- **DIRECTIONS FOR THIS TASK**
Omit all pictures, and print word for word only the lines from the one containing "touch of sophistication." through the end of the data.

====== DATASET EXTRACT ======

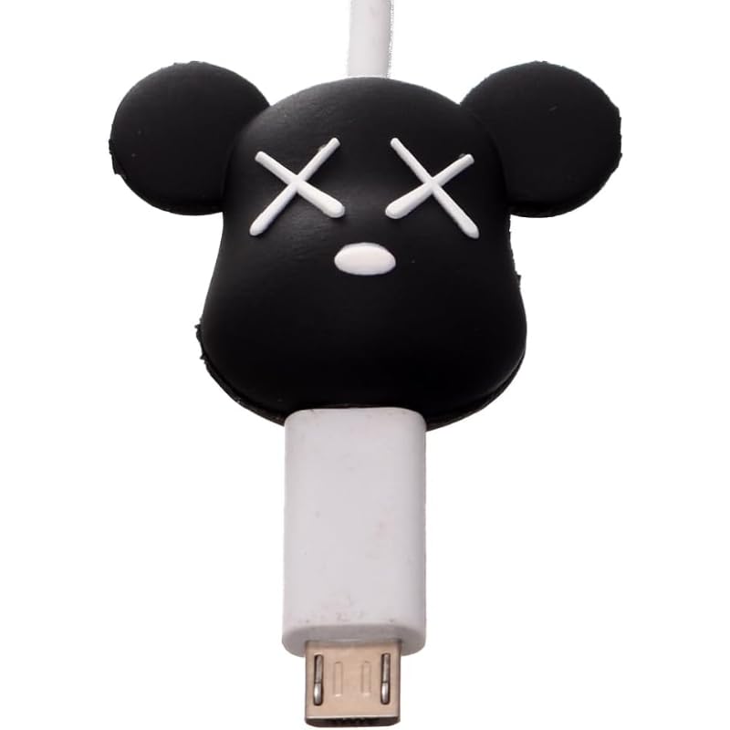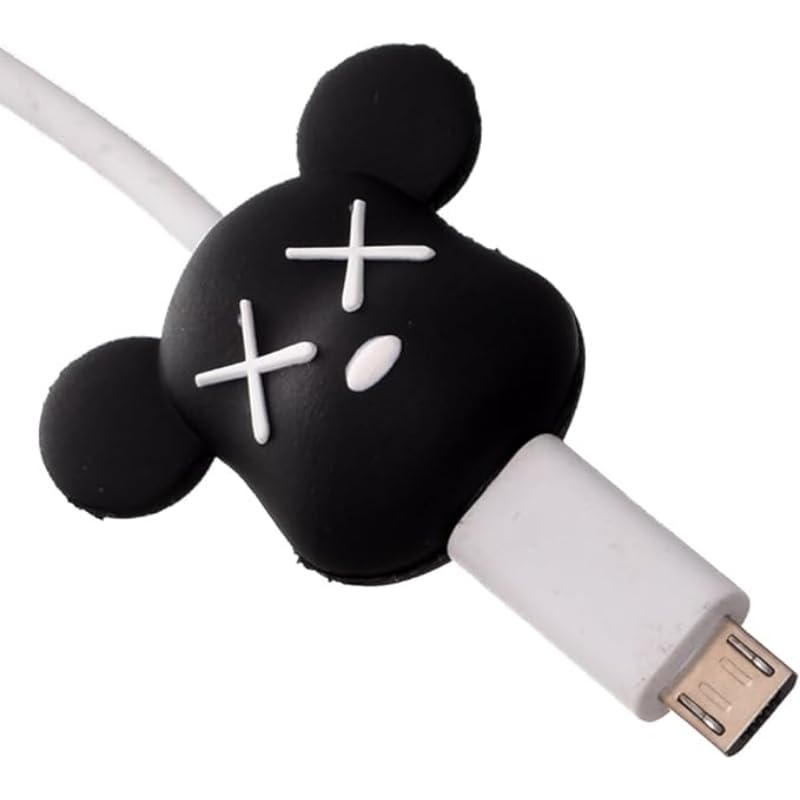Generic - واقي كابل من السيليكون لسلك الشاحن بتصميم على شكل ميكي ماوس، لون أبيض/ أسود
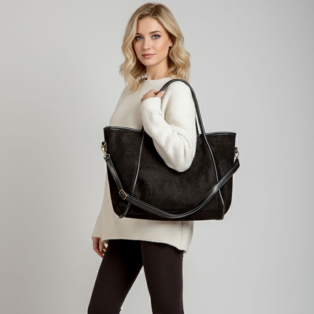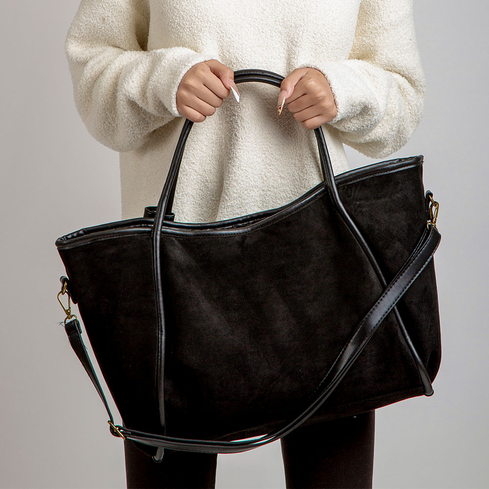 • This suede-style tote bag blends elegance with practicality, featuring dual handles for easy carrying and a roomy interior to keep essentials organized. A versatile design that transitions seamlessly from work to casual outings while adding a touch of sophistication.
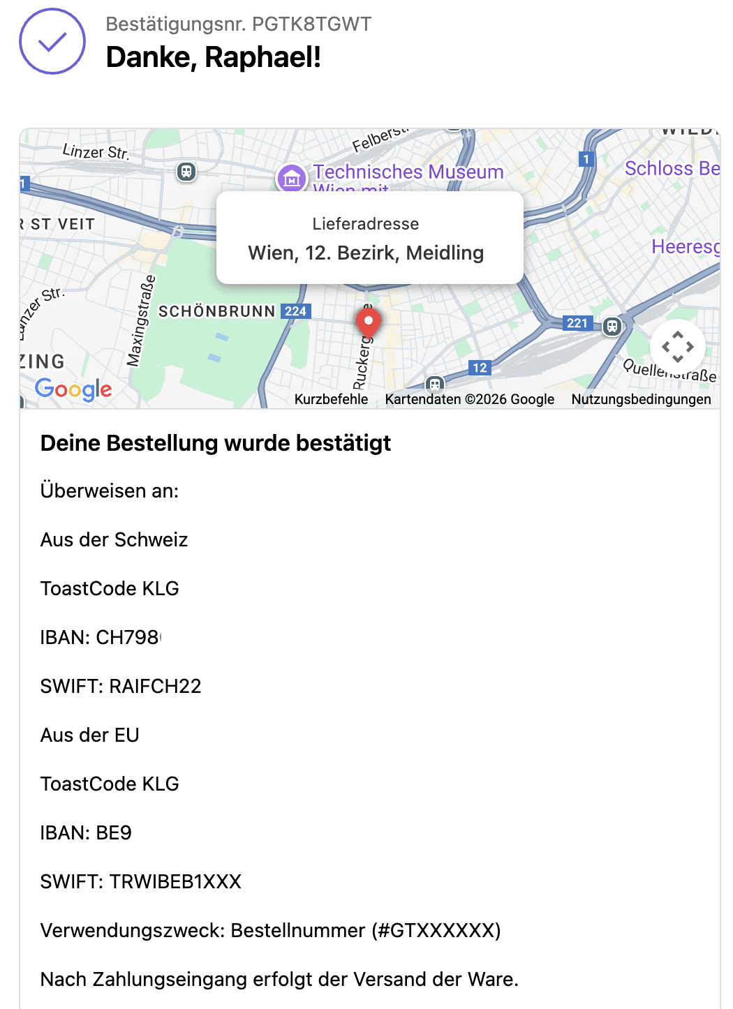 Auf der Danke-Seite findet man dann den Text zur Zahlungsanweisung. Leider wird der nicht so formatiert wie es in den Einstellungen dargestellt wird, aber das ist halb so schlimm.

======

- **ANSWER BELOW**
 • This suede-style tote bag blends elegance with practicality, featuring dual handles for easy carrying and a roomy interior to keep essentials organized. A versatile design that transitions seamlessly from work to casual outings while adding a touch of sophistication.
 Auf der Danke-Seite findet man dann den Text zur Zahlungsanweisung. Leider wird der nicht so formatiert wie es in den Einstellungen dargestellt wird, aber das ist halb so schlimm.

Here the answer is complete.